Mitochondrial Dysfunction and Endoplasmic Reticulum Stress in Age Related Macular Degeneration, Role in Pathophysiology, and Possible New Therapeutic Strategies
Valentina Bilbao-Malavé 1 , Jorge González-Zamora 1 , Miriam de la Puente 1 , Sergio Recalde 2 3 4 , Patricia Fernandez-Robredo 2 3 4 , María Hernandez 2 3 4 , Alfredo Garcia Layana 1 2 3 4 , Manuel Saenz de Viteri 1 2 3 4
Age related macular degeneration (AMD) is the main cause of legal blindness in developed countries. It is a multifactorial disease in which a combination of genetic and environmental factors contributes to increased risk of developing this vision-incapacitating condition.

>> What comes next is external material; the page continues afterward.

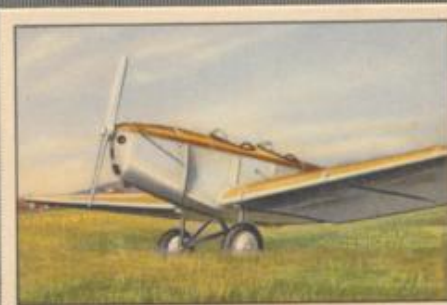
Nr. 4 Klemm L 25 VIIb 2 sitziges Sportflugzeug. 65-PS-Hirth- Motor, luftgekühlt.

Oxidative stress plays a central role in the pathophysiology of AMD and recent publications have highlighted the importance of mitochondrial dysfunction and endoplasmic reticulum stress in this disease. Although treatment with vascular endothelium growth factor inhibitors have decreased the risk of blindness in patients with the exudative form of AMD, the search for new therapeutic options continues to prevent the loss of photoreceptors and retinal pigment epithelium cells, characteristic of late stage AMD.
In this review, we explain how mitochondrial dysfunction and endoplasmic reticulum stress participate in AMD pathogenesis. We also discuss a role of several antioxidants (bile acids, resveratrol, melatonin, humanin, and coenzyme Q10) in amelioration of AMD pathology.